Pada pasien ini di diagnosis dengan pterigium grade II dengan arkus senilis pada kedua
mata. Pterigium ditegakkan dari hasil anamnesis dan pemeriksaan fisik yang mendukung,
antara lain adanya faktor risiko berupa pekerjaan dan usia, serta dari pemeriksaan fisik
ditemukan selaput yang identik dengan ciri pterigium. Arkus senilis pada pasien merupakan
hal yang umum dialami oleh orang dengan rentang usia diatas 40 tahun. Lingkaran abu-abu
keputihan di tepi kornea ini disebabkan oleh adanya jaringan adiposa, maka dari itu perlu
dipertimbangkan pada pasien ini untuk di periksakan profil lipid untuk mengetahui apakah
pasien juga menderita dislipidemia.
Untuk tatalaksana yang direncanakan untuk pasien ini, pasien diarahkan untuk
melakukan pencegahan agar tidak terpacu pertumbuhan pterigiumnya oleh stimulasi dari sinar
matahari dengan menggunakan kacamata pelindung. Pasien juga diresepkan tetes mata sodium
diklofenak 0,1% untuk digunakan apabila pterigium mengalami iritasi. Pasien akan dirujuk ke
dokter spesialis mata untuk kemudian dipertimbangkan untuk dilakukan operasi.
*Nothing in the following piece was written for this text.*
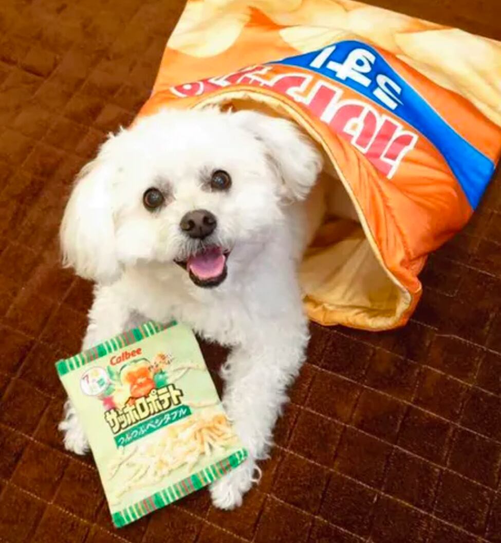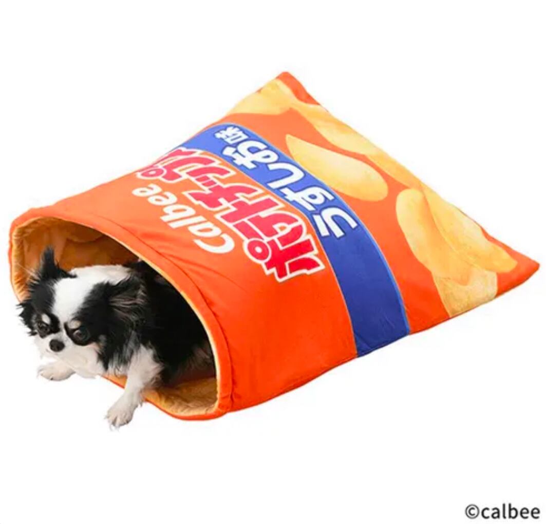 カルビーが販売する人気商品のパッケージがリアルにデザインされたペット用のベッドが新発売!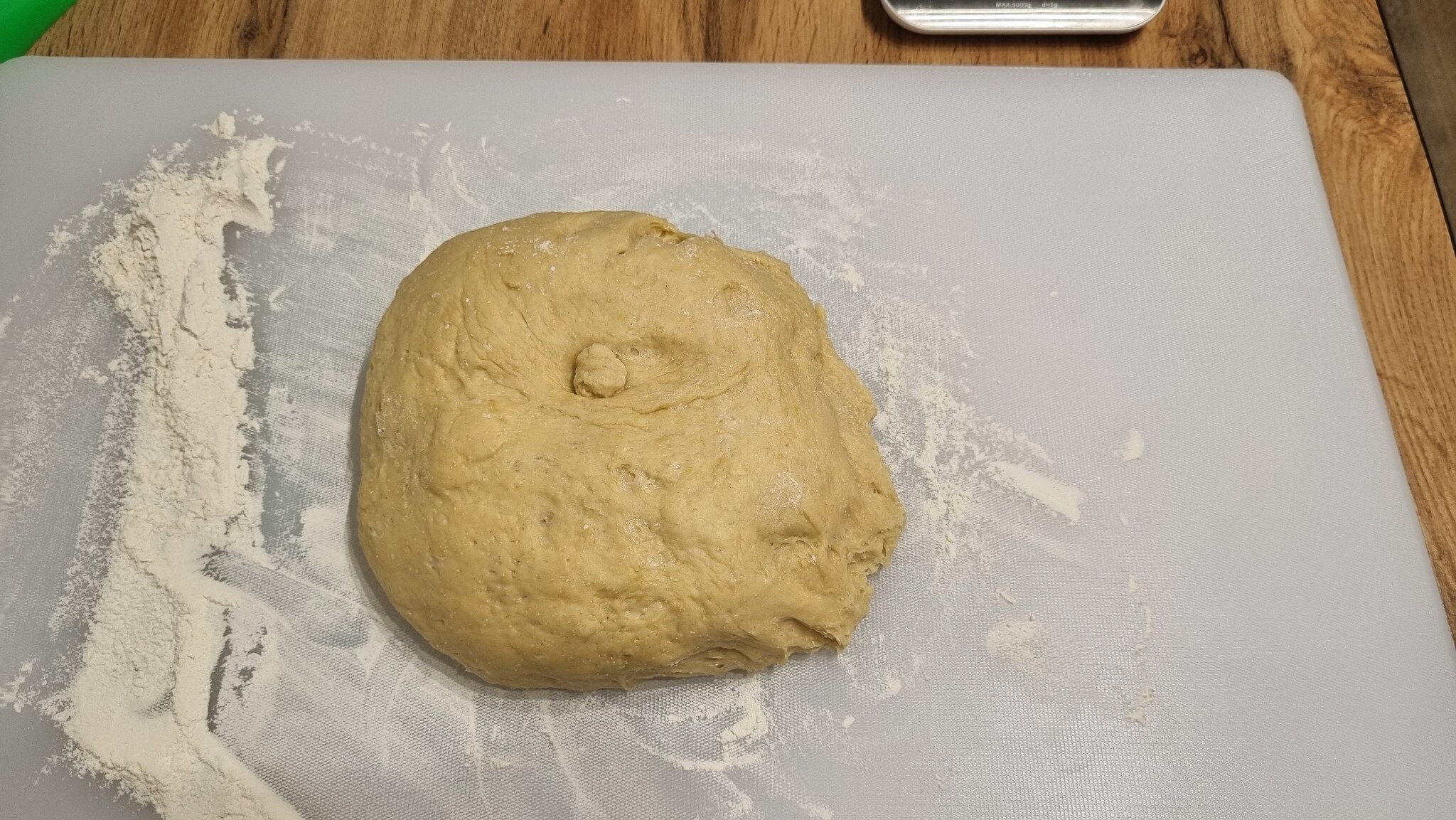 (не смотрите, что у меня много муки на доске, я просто высыпал остатки из пакета. Фактически использоваться она не будет.)

Sedangkan
untuk arkus senilis pasien tidak bisa dihilangkan, namun akan diperiksa apakah pasien
membutuhkan obat dislipidemia. Kemudian pasien akan dilakukan monitoring post terapi
meliputi tanda vital pasien, klinis dan keluhan pasien, ketajaman visus, lapang pandang, serta
tanda–tanda komplikasi secara berkala. Edukasi yang akan diberikan kepada pasien adalah
seputar penjelasan tentang penyakit terkait dan prognosisnya, menjelaskan segala pemeriksaan
yang akan dilakukan dan tujuannya, menjelaskan terapi beserta tujuan, komplikasi yang bisa
terjadi serta edukasi agar kontrol rutin post tatalaksana definitif berupa terapi operatif.